Mate-mono is the creation of an in-house design team clearly familiar with Komatsu Matere’s textiles and processes. Its first collection is a lineup of unusual bags, each designed to make the best use of the unique compositions, weaves or knits of various materials.

Soft fabric is heat-pressed into neat pleats or folds; synthetic suede is crushed to highlight texture; and mesh is dyed in vibrant colors to accentuate its translucency and sheen. Seamless 3D knitting is also used to create new zero-waste products.

Seamlessly knitted to eliminate waste material, the Konbu Horn bag is a flat square when not in use and pops into an octahedron handbag when pulled up by its handles.
Seamlessly knitted to eliminate waste material, the Konbu Horn bag is a flat square when not in use and pops into an octahedron handbag when pulled up by its handles.

Though they all look very different, each bag’s design is based on a square. Some are simple squares with slim handles; others have been manipulated into other shapes and forms by texture or folds. The stiff, seamless knit Konbu Horn, for example, is a flat square when not in use, but once pulled up by its handles, it pops into an octahedron handbag.

The off-cut materials used are ingeniously reimagined into surprising designs. A silken pleated tote bag turns out to be made from leftover curtain fabric, the straight lines of its radial folds inspired by the carbon fiber cables of Kengo Kuma’s exterior design for fa-bo, Komatsu Matere’s Ishikawa Prefecture head office.

Mate-mono Sukeru bags are made from left-over soccer pitch protection mesh, and dyed after production to further reduce waste of materials.
Mate-mono Sukeru bags are made from left-over soccer pitch protection mesh, and dyed after production to further reduce waste of materials.

Sheer, voluminous drawstring tote bags are sewn out of soccer pitch turf-protection mesh, then dyed vibrant colors after production to reduce waste materials. Even remnants from mask production have been imaginatively knitted into fringe-embellished bucket bags, while scraps of stretchy jersey are used as strings for labels.

The whole mate-mono collection is on display at mono-bo, Komatsu Matere’s new experiential retail space housed next to its fa-bo head office in Nomi.
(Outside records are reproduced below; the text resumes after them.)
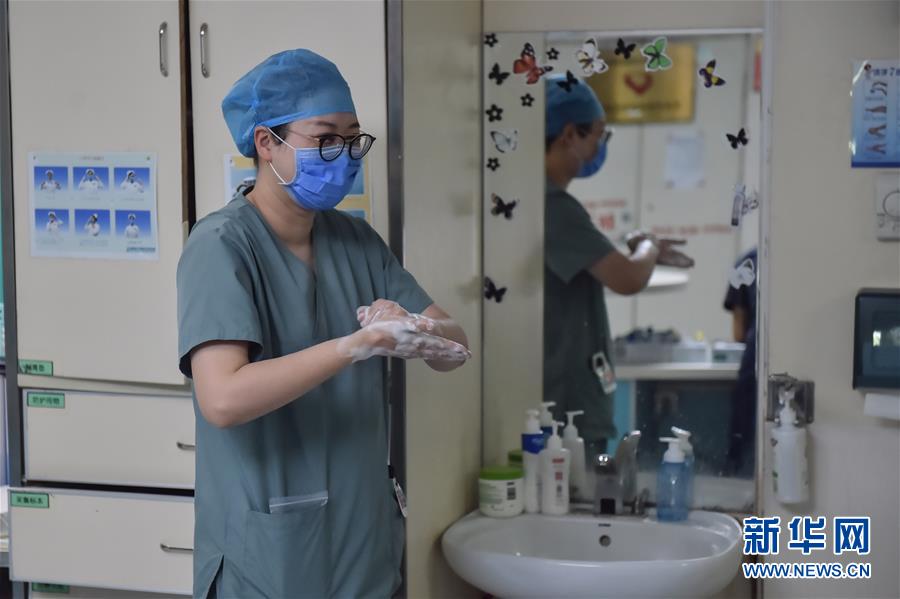 5月11日,在北京地壇醫(yī)院感染二科護士站,一名護士在洗手。北京地壇醫(yī)院是北京市收治新冠肺炎患者的定點醫(yī)院之一,醫(yī)院的醫(yī)護人員一直奮戰(zhàn)在抗擊疫情的一線。在國際護士節(jié)前夕,記者前往北京地壇醫(yī)院,記錄下抗疫一線護士的日常工作狀態(tài)。新華社記者彭子洋攝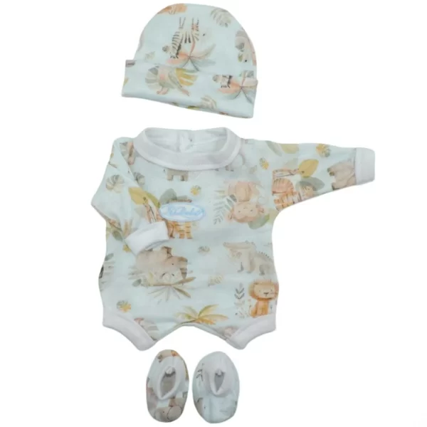 El conjunto es una opción encantadora para que tu bebote LeBebot luzca elegante y adorable. Este conjunto incluye body manga larga, escarpines y gorro, perfecto para cualquier ocasión especial.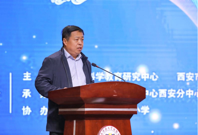 西安市教育科学研究院教育质量评估与监测研究部副张建武主任介绍了“陕西省科学教育研究中心西安分中心”和“西安市科学教育和科技创新研究中心”的主要工作规划,明确了中心的工作职能是围绕培养基础教育阶段学生的科学素养、科学思维、创新意识、实践能力等方面,对地区学校、教师、教科研单位的教育观念、科研理念、人才培养目标、人才培养过程、人才培养方式方法等给予引领性带动、指导和支持。通过组织筹备实施相关学科的教师创新实践能力提升培训,达到使教师教育理念和教学方式得到创新发展提升。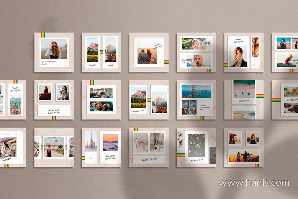 Polaboard 是一套独特且时尚的 Instagram 模板,包含 20 个模板。让我们记住我们父母制作的好老照片)一组很棒的 Instagram 模板,它们将为您的帐户增添一些舒适和回忆。精心挑选的照片、色彩风格,使该套件在您的竞争对手中独一无二。您可以轻松更改所有元素并修改每一个细节以满足您的需求。不要忘记您的帖子越独特,您的受众就会越多。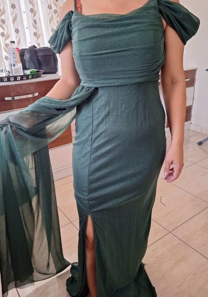 Yeşil renkte, drapeli ve uzun boylu, straplez ve vücuda oturan abiye elbise. Yanında yırtmaç ve modern klasik tarzda, düğün için uygun.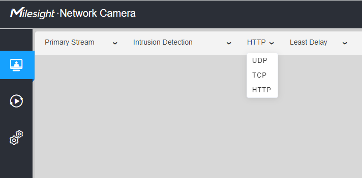 When the MPlayer Plugin is installed, you can choose which protocol and mode to use for streaming on the top of live view.

Here, the upcycling theme continues, with samples laid out on repurposed wooden textile transport pallets, rolls of textiles stored in recycled metal drums from the factory, and free shopping bags made from left-over materials.

Other Komatsu Matere innovations are also showcased, including its collection of anti-viral goods and, in the mono-bo mate-cafe area, Shigeru Ban-designed portable table partitions, a translucent gauze version of its anti-viral textile supported by cardboard tubes.

The mate-cafe in mono-bo, textile company Komatsu Matere’s new store, uses fabric anti-viral table dividers, designed by Shigeru Ban.
The mate-cafe in mono-bo, textile company Komatsu Matere’s new store, uses fabric anti-viral table dividers, designed by Shigeru Ban.

It is the laboratory space, though, that is a real draw for visitors. Housing fabric processing equipment, mate-lab offers customers an opportunity to learn more about the company’s design process and even take part in the shaping of the brand. Some bags can be custom-dyed, T shirts and other products printed or embroidered, and customer feedback encouraged.

“The fa-bo building is also being renovated and opens this summer,” says the representative about Komatsu Matere’s neighboring main textile laboratory, head office and exhibition space. “Combined with our work at mono-bo, we plan to design other attractive products that utilize the characteristics of our textiles based on visitors comments and feedback.”